Early artwork of Rachel Wulfe, another of the twelve members of my ensemble cast for Aberdork United setting. Also my previous fursona and 'face' in the fandom at large. She was me for nearly sixteen years.
When I came up with her, I was floating two names: One would be for me, and the other for her. I always loved dualism as a theme, and at the time, hybrids were all the rage in the fandom. Rachel is a half-mouse, half-wolf that for years I called a 'Wouslf' and it'd often be an ice-breaker as people would ask me how to pronounce it and get mad when I told them it was like "Woo-zelf".
There was so much I could say about her inspiration, how she changed over the years, and story evolved. Like the other characters her backstory is tragic but has a recurring theme of being treated poorly by everyone who once knew her in life, and rose above her experiences to still put the lives of the city before her when she returned as an angel. Denying heaven and hell to fight for the mortal realm.
I came up with her while doing a summer school program that I was never supported through, and was surviving on the free breakfast and portioning footlong subway sandwiches throughout the rest of the day. My parents complained they could see my ribs, but didn't substationally help me financially citing it's the university's responsibility.
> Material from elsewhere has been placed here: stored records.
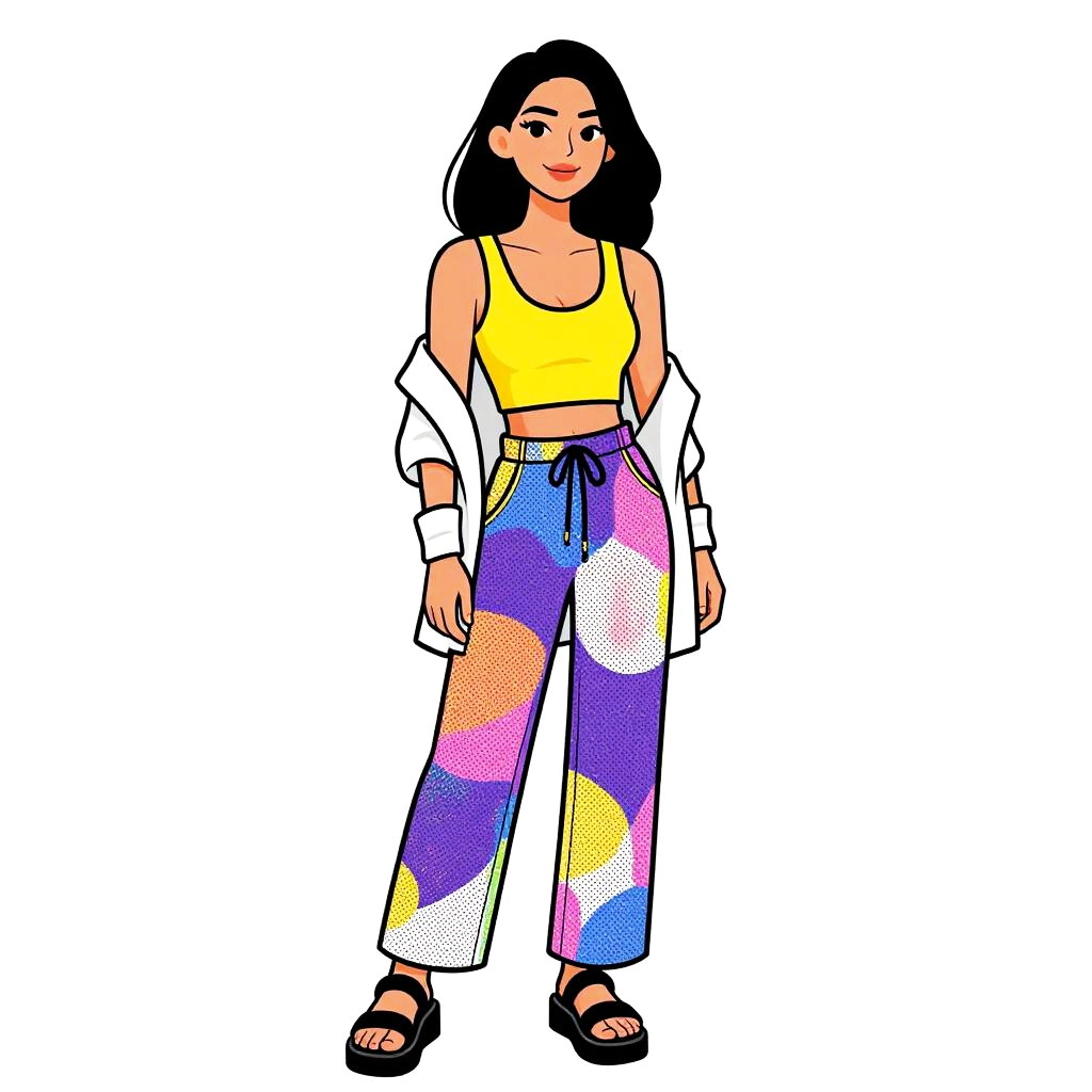 This is a digital illustration of a young woman with medium-length black hair, wearing a bright yellow sleeveless crop top, white unbuttoned shirt, and high-waisted, wide-legged pants with a vibrant, multicolored abstract pattern in purple, pink, blue, and yellow. She stands confidently, with her arms relaxed by her sides, and wears black sandals. The background is plain white, making the bold colors of her outfit stand out. The illustration style is reminiscent of pop art, with thick outlines and a dot pattern adding texture to the clothing.
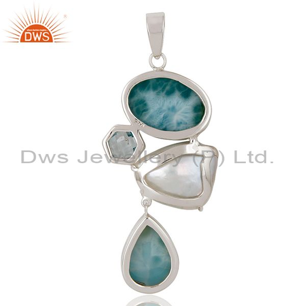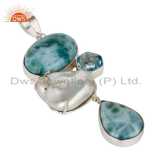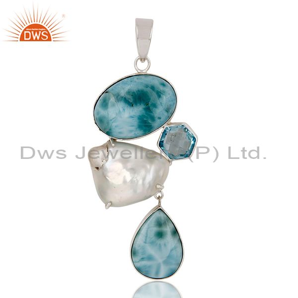Blue Topaz, Larimar & Fresh Water Pearl Sterling Silver Artisan Pendant
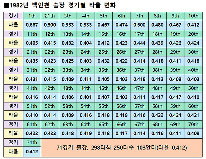 백인천의 시즌 최종 타율은 0.412. 이렇게 해서 KBO 역사상 가장 높은 타율이자 유일한 4할 타율이 탄생했다.
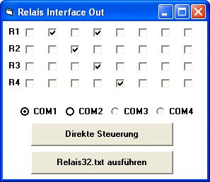 Die Lösung bringt das kleine VB-Programm Relais32.exe. Es erlaubt sowohl eine direkte Steuerung mit der Maus als auch eine Programmierung. Es wird vorausgesetzt, dass bis zu vier Relais-Interfaces mit den Adressen 1, 2, 3 und 4 angeschlossen sind. Es funktioniert aber auch, wenn nur zwei oder drei Interfaces verwendet werden.
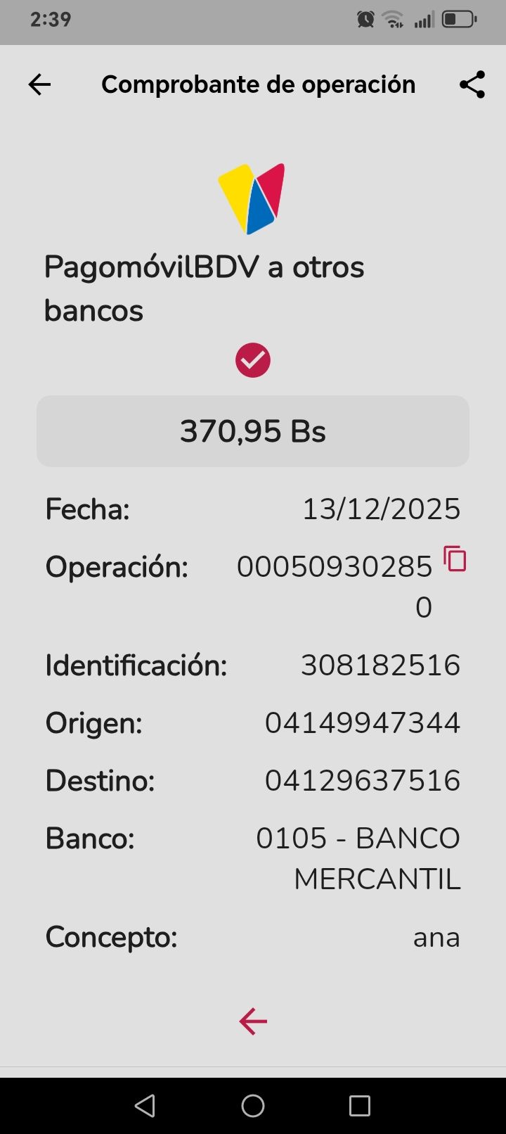 | FM4335 | LEIDI DIANA MARVAL IDROGO | 2025-12-13 | MERCANTIL 2163 | 09311139 | | 1,874.85 BS | 247.30 | REGISTRADO |

Financial aid office took exception to me and awarded me £50 despite they don't normally support summer students. I spent most of my time avoiding classes and spending as much as I can in the computer room perusing FurAffinity and posting on Furnet, the premier furry IRC server. This would've been in 2008. Four years before the suicide attempt that would change both our trajectories, back then she was a mad scientist archetype. After we took it up as our duty to help people after intervening in two other patient's own suicide attempts and felt we were brought back with special purpose.
I don't know if there is a God or Gods, or if there is anything. There might be nothing, but its always been hard to shake the feeling I'm an instrument in some plan Providence has wrought. We're both atheists, but paradoxically, if there is something out there, our lack of belief must be part of its design for us to succeed.
Rachel Wülfe will return, her story will be told. I'll make sure of it.